We compared the following estimators of H2, with and without inclusion of outlier CPPs in the data:
ANOVA on CPPs/PPs;
POUMM/PMM on the whole tree (including tips belonging to CPPs);
POUMM/PMM on the tree obtained after dropping tips belonging to CPPs;
The results from these analyses are written in table 4. Excluding outlier CPPs, ANOVA-CPP (222 patients) reported lg(spVL)-heritability estimates of 0.31, 95% CI [0.19, 0.43]. POUMM (8,473 patients) reported agreeing estimates of 0.25, 95% CI [0.16, 0.36] and 0.22, CI [0.13, 0.35] upon omitting all 222 patients belonging to CPPs. The slightly lower POUMM estimates could be explained by errors in the transmission tree, which are not present in CPPs. These results show first, that ANOVA-CPP and POUMM agree on disjoint subsets of the UK data and, second, that POUMM provides an alternative to resemblance-based methods in the absence of early-diagnosed cases.
Figure 6 compares these estimates to previous lg(spVL) studies using phylogenetic and known transmission-pairs data. In agreement with the toy-model simulations, estimates of H2 using PMM or other phylogenetic methods (i.e. Blomberg’s K and Pagel’s λ) are notably lower than all other estimates, suggesting that these phylogenetic comparative methods underestimate H2; resemblance-based estimates are down-biased by measurement delays (compare early vs late on fig. 6).

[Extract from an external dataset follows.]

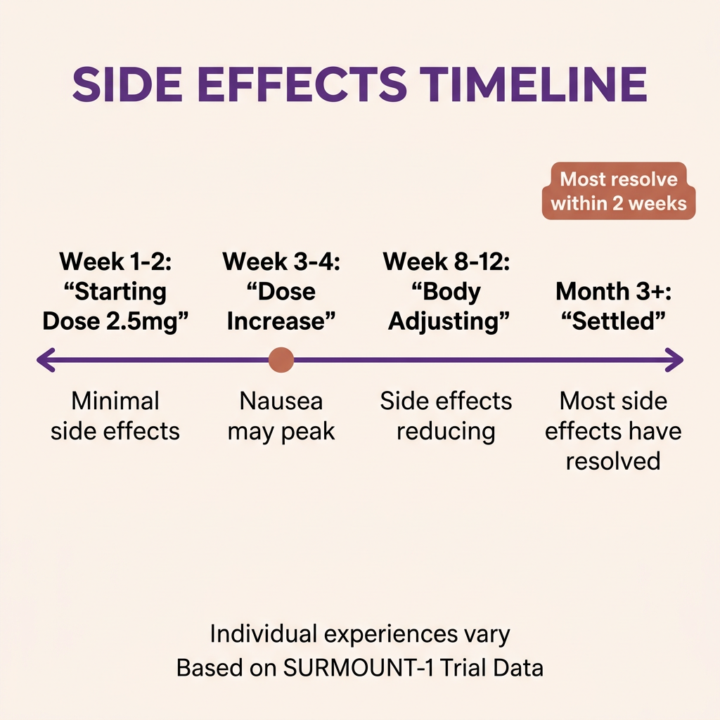 In Eli Lilly’s SURMOUNT-1 trial, the most common side effects were gastrointestinal, occurring primarily during dose escalation—when your dose increases from 2.5mg to 5mg, then 7.5mg, and beyond.

In summary, POUMM and ANOVA-CPP yield agreeing estimates for H2 in the UK data and these estimates agree with DR-based estimates in datasets with short measurement delay (different African countries and the Netherlands). Similar to the toy-model simulations, we notice a well-pronounced pattern of negative bias for the other estimators, PMM and ANOVA-PP, as well as for the previous DR-studies on data with long measurement delay.
Discussion
Clarifying the terminology and notation
The first task of this study was the transfer of quantitative genetics terminology to the domain of pathogen traits. Due to important lifecycle differences between pathogens and mating organisms, it is essential to disentangle the concepts of relative resemblance and genetic determination. In essence, the estimators of trait resemblance between transmission-related patients, such as DR and ICC, and the phylogenetic heritability, must be regarded as lower bounds for the broad-sense heritability, H2, compromised by partial quasispecies transmission, within-host evolution and various violations of model assumptions (table 3). A few examples from recent studies of HIV demonstrate the need for a careful consideration of these concepts. For example, in (Hodcroft et al., 2014) and (Leventhal and Bonhoeffer, 2016) the authors introduce the PMM/ReML and the DR methods for estimating heritability after a definition of the narrow sense heritability, h2. This can leave a confusing impression that the reported values are estimates of h2 rather than H2, because these methods are popular for estimating narrow-sense heritability for sexual species. As another example, in (Fraser et al., 2014; Shirreff et al., 2013), the authors use the lower-case notation “h2” to denote estimates of H2. In fact, there are historical reasons to associate the symbol “h2” with the regression slope, b (Fraser et al., 2014; Wright, 1934). However, “h2” is the standard symbol for narrow-sense heritability and b is, most of all, a measure of phenotypic resemblance. To avoid confusion, we recommend using the standard symbol “H2” for broad-sense heritability (Hartyl and Clark, 2007; Lynch and Walsh, 1998) and different symbols for its indirect estimators.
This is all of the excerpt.